One of the most crucial aspects of the nursing process is developing a teaching plan. The patient’s active participation in the care process and compliance with instructions are the goals of patient teaching. The paper describes a teaching plan for Mr. Goldblum, a 72-year-old male with an ischemic stroke who has difficulty swallowing, speech and cognition.

NFDN 1002 Assignment 2: Teaching Plan

Patient education is a continuous process until the participants attain their goals, change their goals, or recognize that the goals will not enable them to meet their learning objectives (Anekwe & Rahkovsky, 2018). A stroke is a life-changing event that needs adjustments; therefore, comprehensive teaching is crucial.

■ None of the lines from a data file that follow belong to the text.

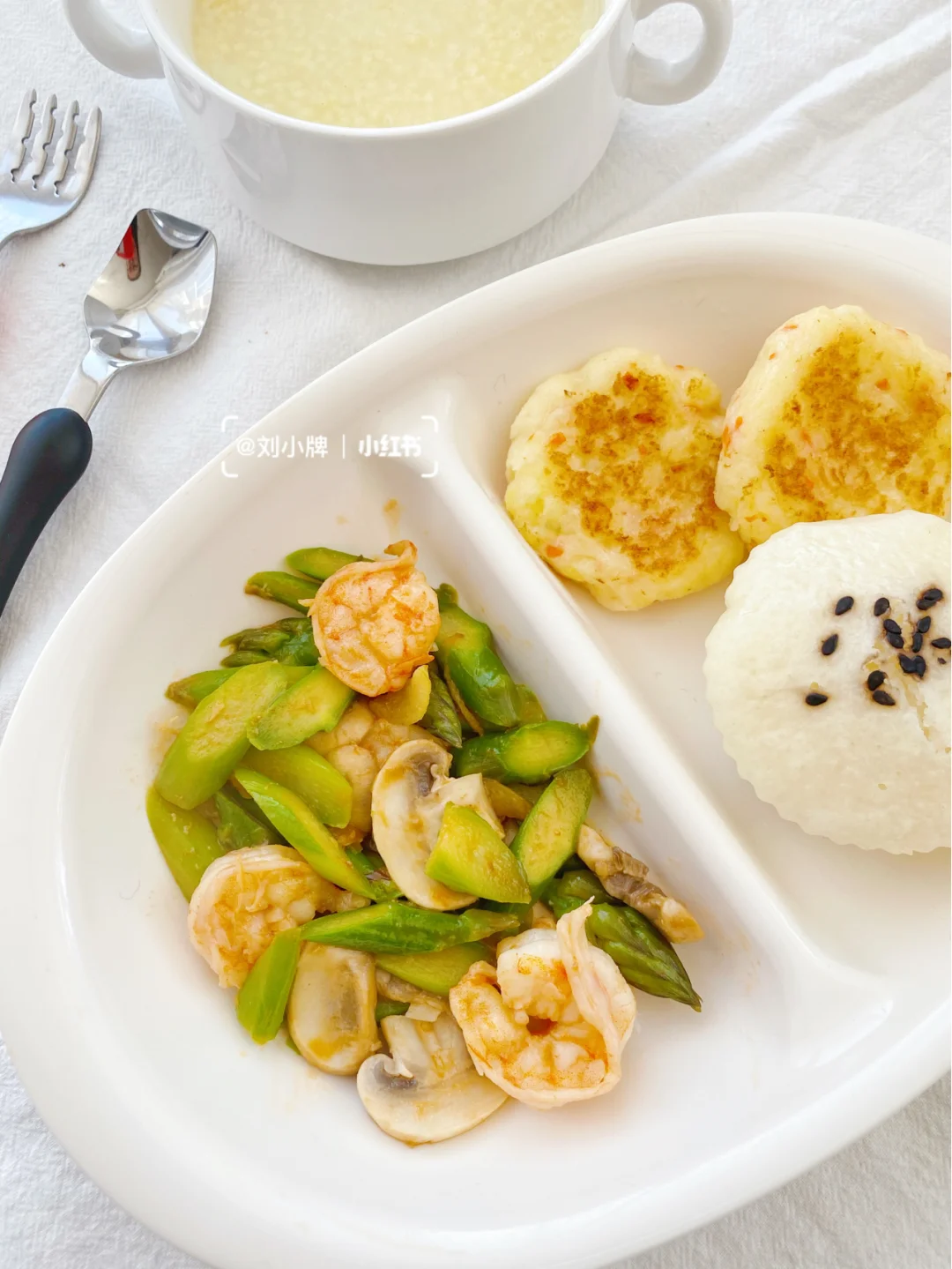 奶酪土豆饼➕芦笋口蘑虾仁➕奶香大米糕➕小米粥
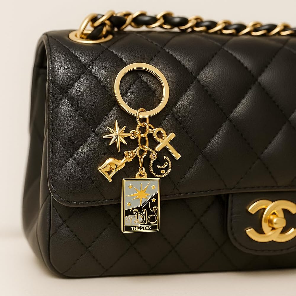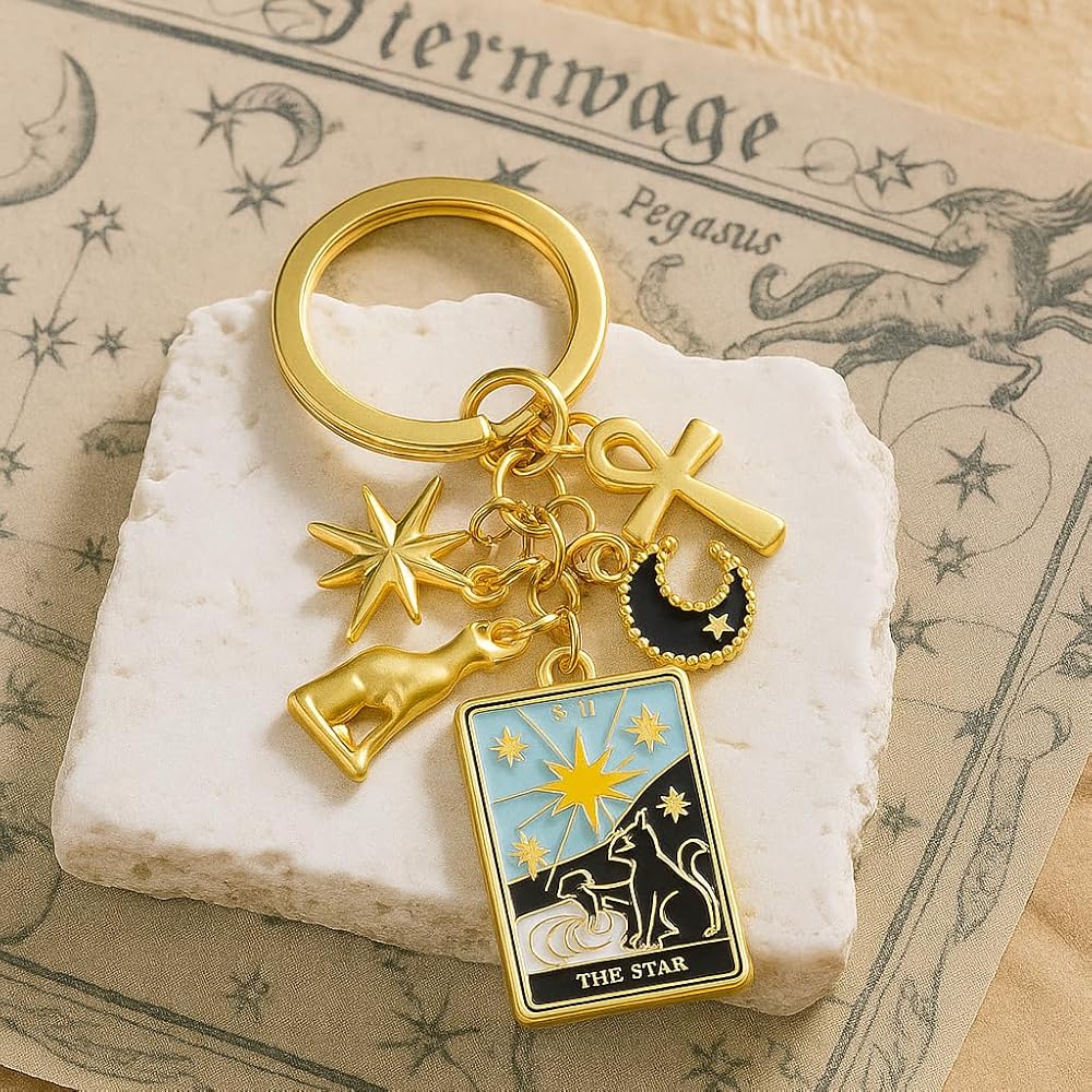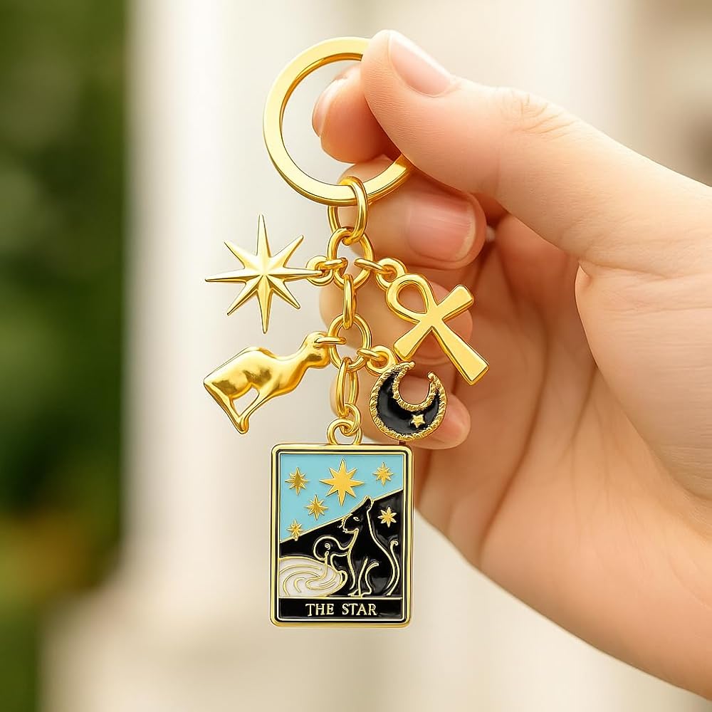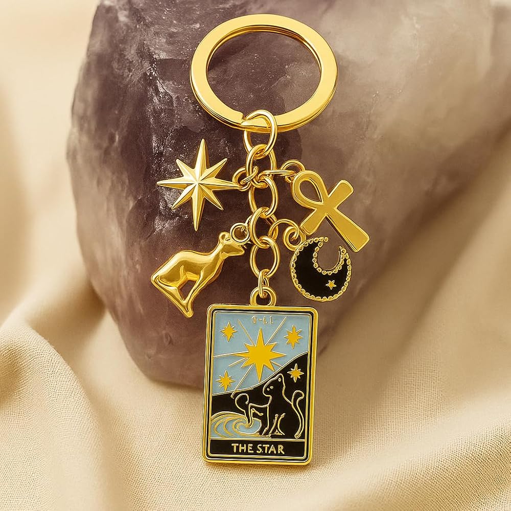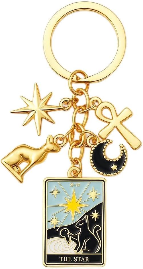 Step into a realm of hope, healing, and intuitive guidance with our Enchanting Tarot 'The Star' keychain, a meticulously crafted accessory that radiates mystery and sophisticated charm. This exquisite piece features a gleaming gold keychain from which a captivating array of mystical elements gracefully dangles, each imbued with a sense of ancient wisdom and inspiring symbolism. The central focus is an intricately detailed 'THE STAR' Tarot card charm, its design featuring shimmering stars, a serene cat, and flowing waters, masterfully conveying its meaning of profound hope, emotional healing, and divine future guidance. Alongside, a vibrant golden star charm radiates pure cosmic energy, and a black and gold moon charm dotted with stars calls forth the mysteries of the night sky. These are further complemented by a powerful golden Ankh symbol, representing life and eternity, and a unique golden kangaroo charm, adding an intriguing layer of personal symbolism and a touch of the unexpected to this thoughtful collection. It's more than just a keychain; it's a wearable beacon for the spiritually curious and a captivating bag charm for women who embrace mysterious aesthetics and meaningful accessories.
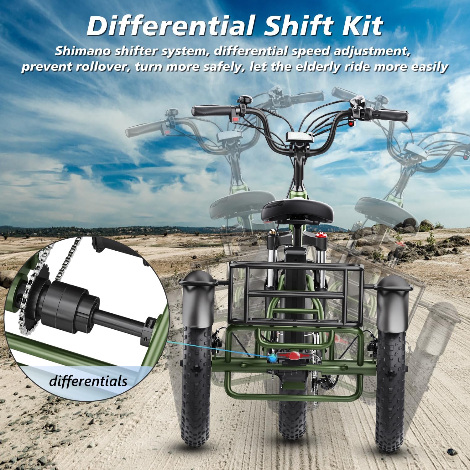 Grâce à ses trois roues à propulsion assistée, ce vélo vous assure une stabilité remarquable, même sur des surfaces difficiles comme le sable, la neige ou les chemins accidentés. Ses pneus extra-larges 20×4 pouces, combinés à une double suspension et des freins à disque performants, garantissent une excellente tenue de route et un amorti optimal, quelles que soient les conditions.
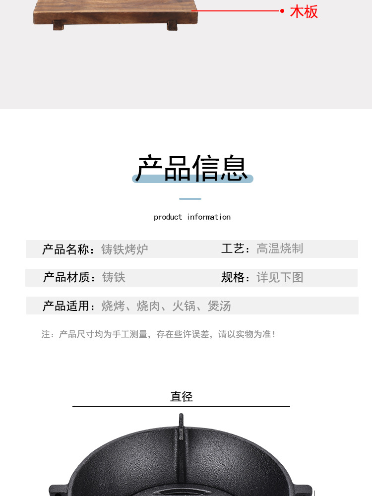 • 16cm 단일 용광로 + 나무 보드 + 베이킹 그물
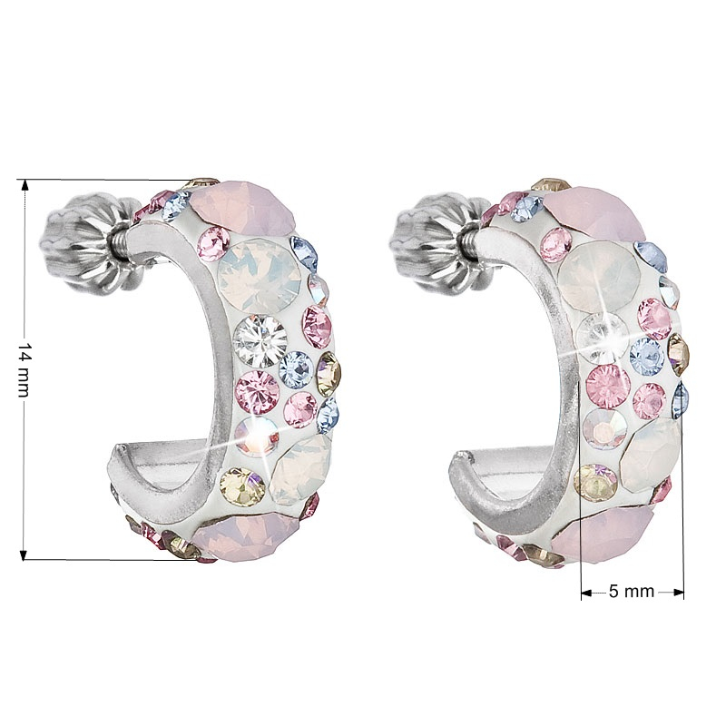Parametre strieborných kruhových náušníc s kryštálmi Swarovski ružové polkruh 31118.3 Magic rose
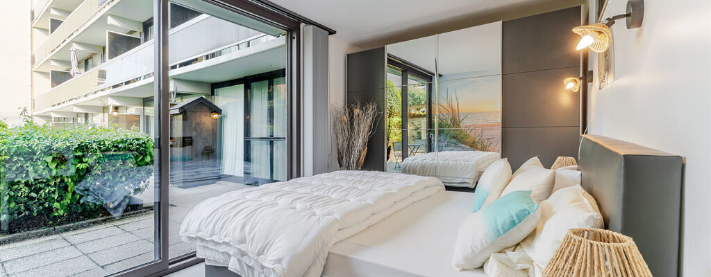 - Chambre 1 : Parquet, Garde-robe, Lit double 160x200, Couvertures en duvet 2 personnes, 2x Oreillers , Terrasse, Chauffage électrique
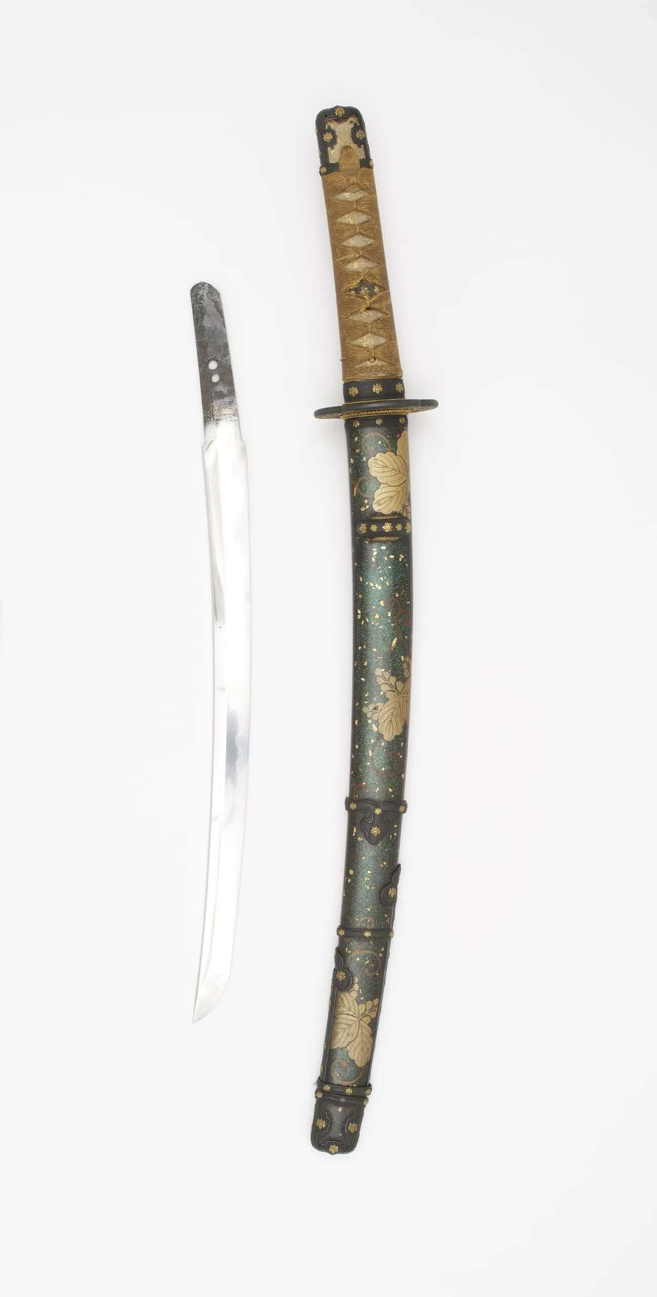 - Steel, copper, gold foil, lacquer on wood, shakudo, silk
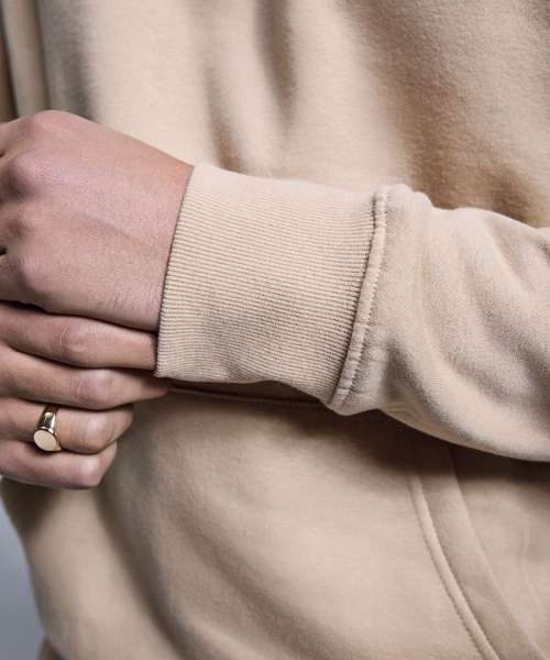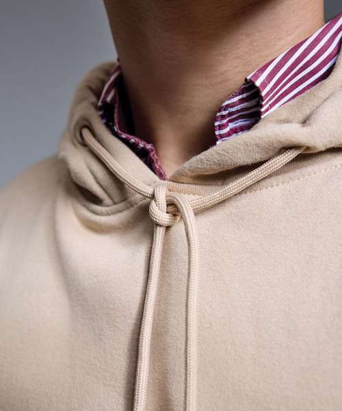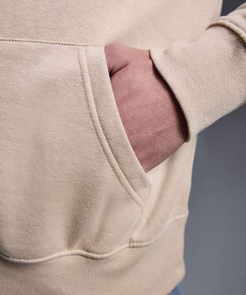 Soft hand feel. Double-fabric hood. Brushed inner fleece. Nickel-free, colour-matched eyelets and drawcord ends. Twin-needle detail. Cut and sew 1x1 ribbed cuffs and hem. Kangaroo pocket. Self-coloured neck size label.

Assessment Data and Learning Needs

The teaching plan will cover impaired communication and impaired swallowing. Due to the chronic pattern of stroke, the patient and family need to be trained on the patient’s various deficits, how to improve them, and the need to be patient because the patient may never fully recover to the pre–stoke state (Pierpoint & Pillay, 2020). For example, they are trained on the need for thickened fluids for dysphagia and to protect the airway.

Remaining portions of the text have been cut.